Introduction
The browser is undergoing a revolution. With WebGPU now available in all major browsers and frameworks like ONNX Runtime Web and TensorFlow.js maturing, developers can run sophisticated machine learning models directly in the browser—without server-side inference.

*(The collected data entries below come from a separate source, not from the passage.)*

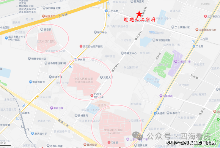 医疗上,周边有武汉市汉口医院、中国人民解放军空降部队医院(457)、中部战区总医院(161),距离项目都非常近,而且自驾路线也很简单。
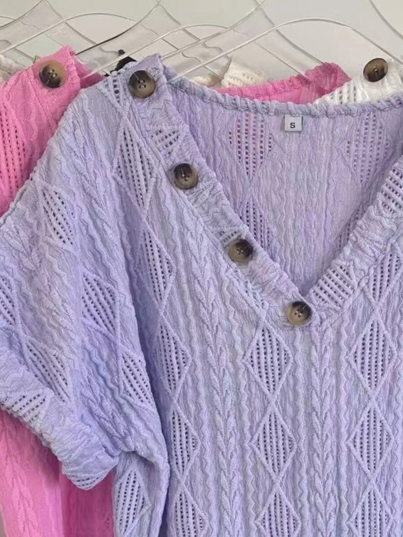 - Features: Buttoned detailing paired with delicate openwork for a refined, textural appeal
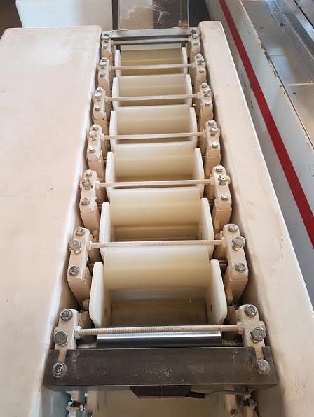 Cilindro conjugado de 7 rolos marca Toshiro. Motor: 2 CV, 4 P, 60 hz. Sistema de tração dos cilindros por engrenagem. Cilindros em nylon. Equipamento usado apenas para testes.
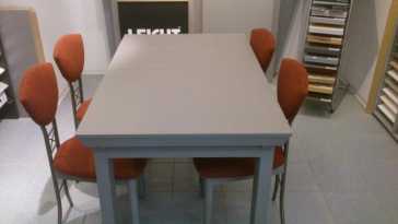 Hofmann Kulissen-Eßtisch 80 x 130 cm ausziehbar auf 290 cm in Buche massiv in quarzit/edlestahloptik lackiert mit 6 passenden Stühlen Polster rot, UPE 2.990,00 €, für nur Abholpreis 1.500,00 €, Ersparnis 1.490,00 €
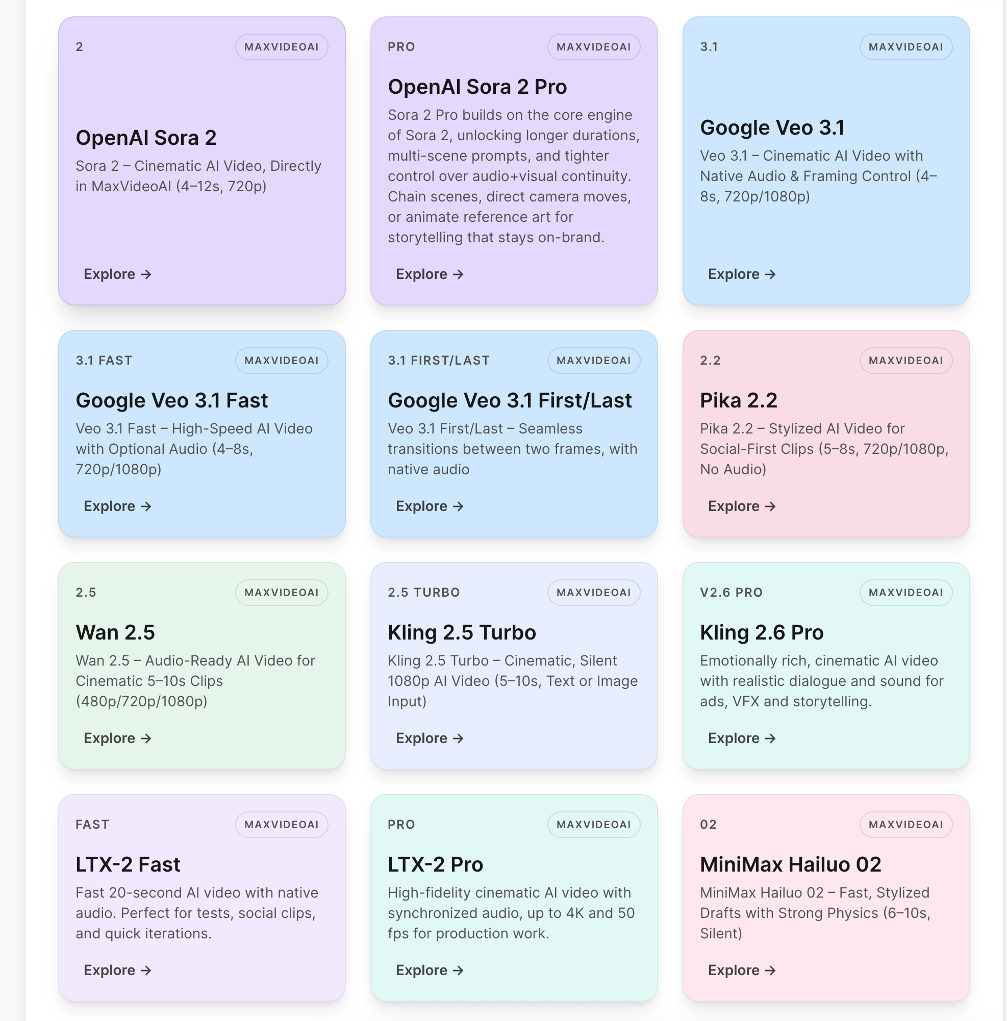 MaxVideoAIは、Sora 2・Veo 3・Pikaなど複数のAI動画エンジンを1つの作業空間で扱える統合プラットフォーム。4Kエクスポート・アップスケール・反復(x1–x4)、生成物を一...

This guide explores how to bring AI to your frontend applications in 2025.
What Is Browser AI?
The Basic Concept
Browser AI runs machine learning models directly in client browsers using WebGPU (or WebGL as fallback). This enables features like image recognition, natural language processing, and generative AI without sending data to external servers.
Key Terms
- WebGPU: Next-generation graphics API for the browser
- WebGL: Older graphics API (WebGPU fallback)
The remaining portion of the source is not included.